True if it is usable otherwise False

try_extraction(archive_file_path, file_to_extract, dest_dir_path)

Calls the extraction program to extract a file from an archive

Parameters:

Name Type Description Default
archive_file_path str

path to the archive

required
file_to_extract str

file name to extract from the archive

required
dest_dir_path str

destination directory where the extracted file will be stored

required

Returns:

Type Description
bool

True on success otherwise False

DownloadClient(client=None, logger=None, tracing=True, check_admin=False, check_pcache=False)

Initialises the basic settings for an DownloadClient object

Parameters:

Name Type Description Default
client Optional[Client]

Optional: rucio.client.client.Client object. If None, a new object will be created.

None
external_traces

Optional: reference to a list where traces can be added

required
logger Optional[LoggerFunction]

Optional: logging.Logger object. If None, default logger will be used.

None

download_pfns(items, num_threads=2, trace_custom_fields=None, traces_copy_out=None, deactivate_file_download_exceptions=False)

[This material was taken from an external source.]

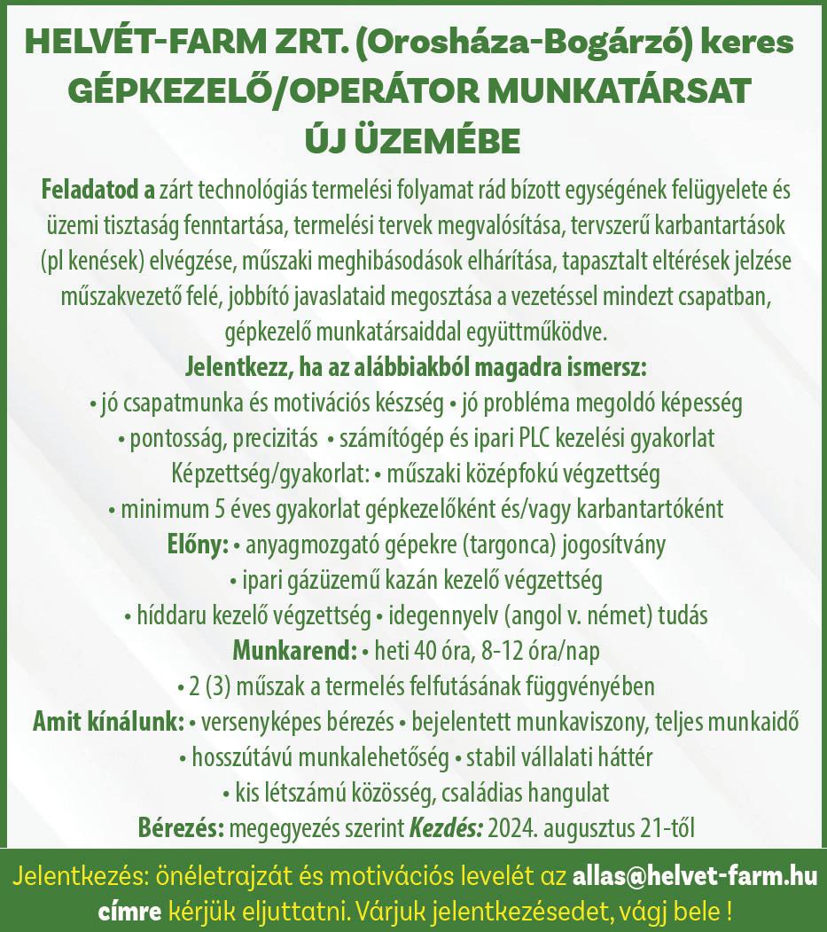 Elvárás: géplakatos végzettség, vagy hasonló munkakörben szerzett gyakorlat.

Download items with a given PFN. This function can only download files, no datasets.

Parameters:

Name Type Description Default
items list[dict[str, Any]]

List of dictionaries. Each dictionary describing a file to download. Keys: pfn - PFN string of this file did - DID string of this file (e.g. 'scope:file.name'). Wildcards are not allowed rse - rse name (e.g. 'CERN-PROD_DATADISK'). RSE Expressions are not allowed base_dir - Optional: Base directory where the downloaded files will be stored. (Default: '.') no_subdir - Optional: If true, files are written directly into base_dir. (Default: False) adler32 - Optional: The adler32 checmsum to compare the downloaded files adler32 checksum with md5 - Optional: The md5 checksum to compare the downloaded files md5 checksum with transfer_timeout - Optional: Timeout time for the download protocols. (Default: None) check_local_with_filesize_only - Optional: If true, already downloaded files will not be validated by checksum.

required
num_threads int

Suggestion of number of threads to use for the download. It will be lowered if it's too high.

2
trace_custom_fields Optional[dict[str, Any]]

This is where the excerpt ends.